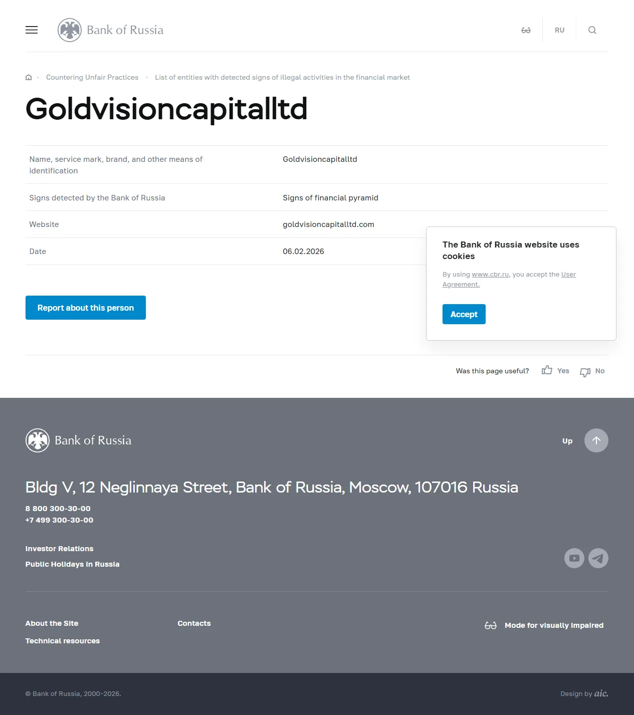 Elenco delle entità con segnali rilevati di attività illegali nel mercato finanziario Goldvisioncapitalltd.
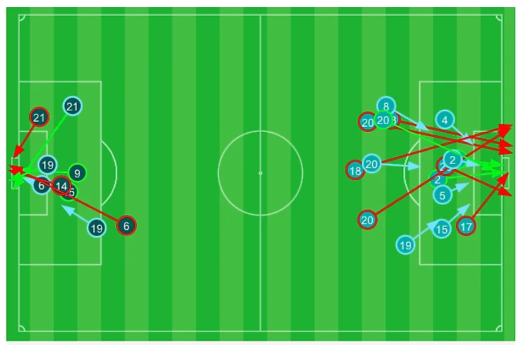 Второй тайм сборная Кипра провела активнее – больше били (11:3 по ударам), чуть больше владели мячом (51% времени), а команда Карпина оборонялась в низком блоке. Правда, в нужные моменты игру от ворот отодвигали. Но итоговая картина ударов все равно выглядит не очень (удары киприотов – справа).
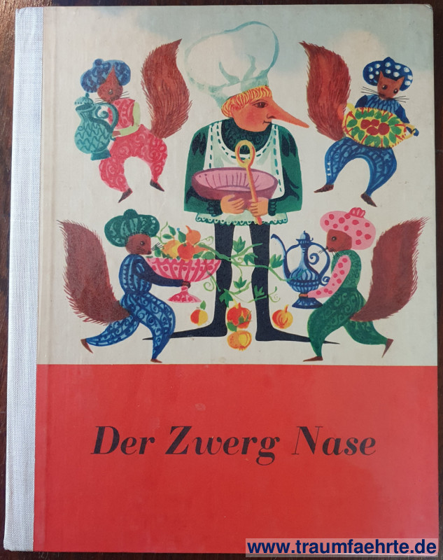 Alte Bücher etc. > Kinderbücher > Bilderbücher nach 1945Hauff, Wilhelm: Der Zwerg Nase. Ein Märchen. Nacherzählt von Gertrud Neumann-Hechler. [ Permalink ]>>> Artikel-Nr: 39068 <<< Leipzig, Herbert Schulze 1964, EA, mit farb. Illustrationen von J. Hellgrewe, 14 Blatt, farb. illustr. OHLn., gr. 8° Zustand: gut erhalten, minimal fleckig Preis: 12,00 €
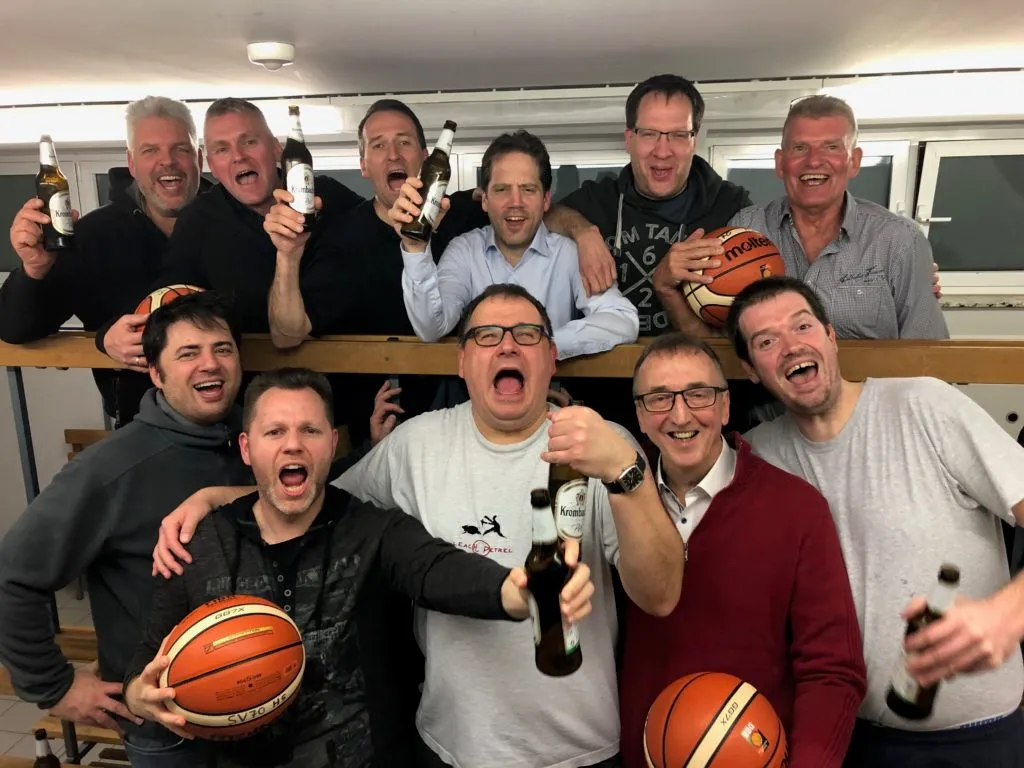Nach der Pause wogte das Spiel hin und her, ehe Dreier von Arno Rissmann und Jörg Schmidt und vier Punkte am Brett von Konstantin Fresen die Führung auf 9 Punkte (40:31) anwachsen ließ. Doch auch jetzt waren die Oldies noch nicht durch, denn den besseren Start ins letzte, entscheidende Viertel erwischten die Boeler. Durch zwei Dreier und mehrere Punkte in der Zone kamen sie binnen 5 Minuten noch einmal gefährlich auf 3 Punkte heran (46:43). Patrick Langer traf einen weiteren wichtigen Dreier, doch das Heimteam blieb in Schlagdistanz und verkürzte auf 2 Punkte, 51:49 (39. Minute). Die Coaches Lück und Just baten zur Auszeit, und hier wurde die Marschrichtung für die letzten eineinhalb Minuten besprochen: Zeit runter spielen, keine unnötigen Ballverluste. Die Boeler foulten, waren aber noch nicht in Mannschaftsfoulproblematik. Marcel Herpel traf nach einem weiteren Boeler Foul nervenstark beide Freiwürfe. Im Gegenzug scorten die Boeler nicht, so dass die Hasper wieder Ballbesitz hatten und weitere Zeit von der Uhr nahmen. Als dann die beiden sehr gut leitenden Schiedsrichter einen Boeler Spieler nach seinem zweiten unsportlichen Foul an diesem Abend disqualifizierten und Jörg Schmidt mit zwei weiteren getroffenen Freiwürfen (insgesamt 9/9 FW !) erhöhte, war die Partie entschieden, und die Hasper konnten den Sieg in dieser Partie und damit die Meisterschaft feiern!
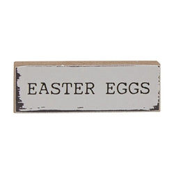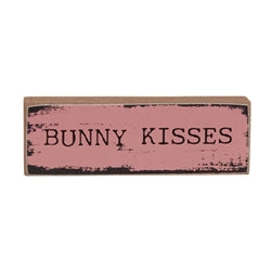 Please note: This Item features a variety of designs which are each sold individually (not as a set). Please add a note in your cart to indicate your preference. If no style is specified, one will be selected at random by our team. Hop This Way Tiny Mini Sticks are charming wooden accents for Easter farmhouse decor. Made from wood, the decorative sticks feature freestanding horizontal design. The sticks have painted fronts and unfinished sides with a weathered finish. One stick is painted yellow and reads "hop this way," one is white and reads "Easter eggs," and one is pink and reads "bunny kisses." Each measures 1" high by 3" wide by .5" deep.
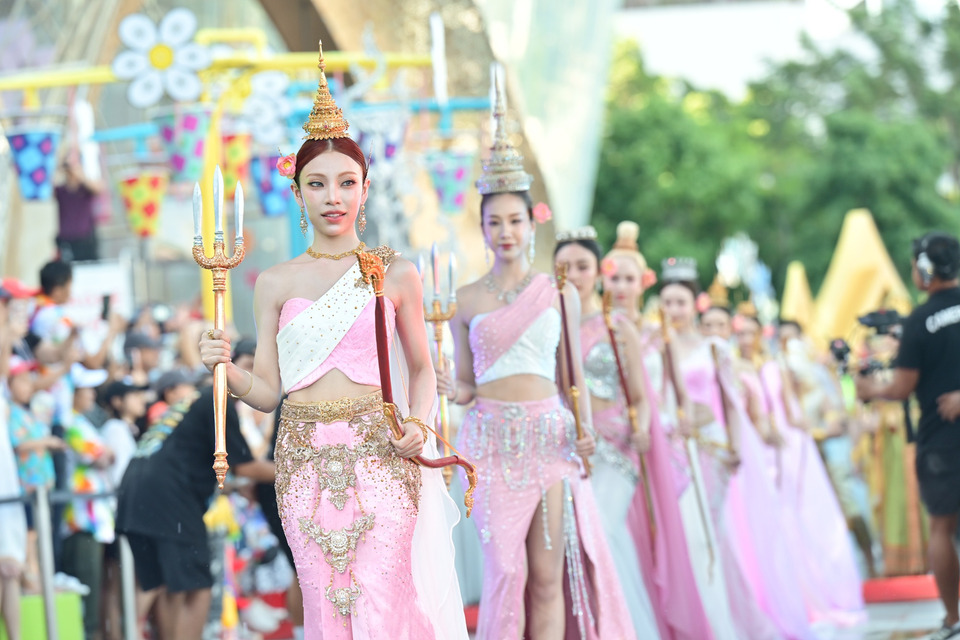 ทำเอาริเวอร์ พาร์ค ไอคอนสยาม เนืองแน่นไปด้วยเหล่าฟอร์อาย รวมถึงประชาชนและนักท่องเที่ยวที่ต่างมารอมารอยลโฉม 7 สาว แฮนน่า, อ๊ะอาย, ตาออม, พั้นช์, ฝ้าย, มายด์ และ โจริญ ซึ่งมาร่วมถ่ายทอดความงดงามของมรดกไทยในฐานะนางสงกรานต์ประจำปี 2569 “รากษสเทวี” ในขบวนแห่ฉลองวันสงกรานต์ โดยงานนี้ทั้ง 7 สาวสลัดลุคเกิร์ลกรุ๊ปสุดแซบ มาปรากฏกายในชุดเทพนารีสุดวิจิตร

→ **WHAT THIS TASK INVOLVES**: Although the records above contain pictures, your copy should give only their text, exactly as written.

→ **TASK RESULT**:
 Elenco delle entità con segnali rilevati di attività illegali nel mercato finanziario Goldvisioncapitalltd.
 Второй тайм сборная Кипра провела активнее – больше били (11:3 по ударам), чуть больше владели мячом (51% времени), а команда Карпина оборонялась в низком блоке. Правда, в нужные моменты игру от ворот отодвигали. Но итоговая картина ударов все равно выглядит не очень (удары киприотов – справа).
 Alte Bücher etc. > Kinderbücher > Bilderbücher nach 1945Hauff, Wilhelm: Der Zwerg Nase. Ein Märchen. Nacherzählt von Gertrud Neumann-Hechler. [ Permalink ]>>> Artikel-Nr: 39068 <<< Leipzig, Herbert Schulze 1964, EA, mit farb. Illustrationen von J. Hellgrewe, 14 Blatt, farb. illustr. OHLn., gr. 8° Zustand: gut erhalten, minimal fleckig Preis: 12,00 €
Nach der Pause wogte das Spiel hin und her, ehe Dreier von Arno Rissmann und Jörg Schmidt und vier Punkte am Brett von Konstantin Fresen die Führung auf 9 Punkte (40:31) anwachsen ließ. Doch auch jetzt waren die Oldies noch nicht durch, denn den besseren Start ins letzte, entscheidende Viertel erwischten die Boeler. Durch zwei Dreier und mehrere Punkte in der Zone kamen sie binnen 5 Minuten noch einmal gefährlich auf 3 Punkte heran (46:43). Patrick Langer traf einen weiteren wichtigen Dreier, doch das Heimteam blieb in Schlagdistanz und verkürzte auf 2 Punkte, 51:49 (39. Minute). Die Coaches Lück und Just baten zur Auszeit, und hier wurde die Marschrichtung für die letzten eineinhalb Minuten besprochen: Zeit runter spielen, keine unnötigen Ballverluste. Die Boeler foulten, waren aber noch nicht in Mannschaftsfoulproblematik. Marcel Herpel traf nach einem weiteren Boeler Foul nervenstark beide Freiwürfe. Im Gegenzug scorten die Boeler nicht, so dass die Hasper wieder Ballbesitz hatten und weitere Zeit von der Uhr nahmen. Als dann die beiden sehr gut leitenden Schiedsrichter einen Boeler Spieler nach seinem zweiten unsportlichen Foul an diesem Abend disqualifizierten und Jörg Schmidt mit zwei weiteren getroffenen Freiwürfen (insgesamt 9/9 FW !) erhöhte, war die Partie entschieden, und die Hasper konnten den Sieg in dieser Partie und damit die Meisterschaft feiern!
 Please note: This Item features a variety of designs which are each sold individually (not as a set). Please add a note in your cart to indicate your preference. If no style is specified, one will be selected at random by our team. Hop This Way Tiny Mini Sticks are charming wooden accents for Easter farmhouse decor. Made from wood, the decorative sticks feature freestanding horizontal design. The sticks have painted fronts and unfinished sides with a weathered finish. One stick is painted yellow and reads "hop this way," one is white and reads "Easter eggs," and one is pink and reads "bunny kisses." Each measures 1" high by 3" wide by .5" deep.
 ทำเอาริเวอร์ พาร์ค ไอคอนสยาม เนืองแน่นไปด้วยเหล่าฟอร์อาย รวมถึงประชาชนและนักท่องเที่ยวที่ต่างมารอมารอยลโฉม 7 สาว แฮนน่า, อ๊ะอาย, ตาออม, พั้นช์, ฝ้าย, มายด์ และ โจริญ ซึ่งมาร่วมถ่ายทอดความงดงามของมรดกไทยในฐานะนางสงกรานต์ประจำปี 2569 “รากษสเทวี” ในขบวนแห่ฉลองวันสงกรานต์ โดยงานนี้ทั้ง 7 สาวสลัดลุคเกิร์ลกรุ๊ปสุดแซบ มาปรากฏกายในชุดเทพนารีสุดวิจิตร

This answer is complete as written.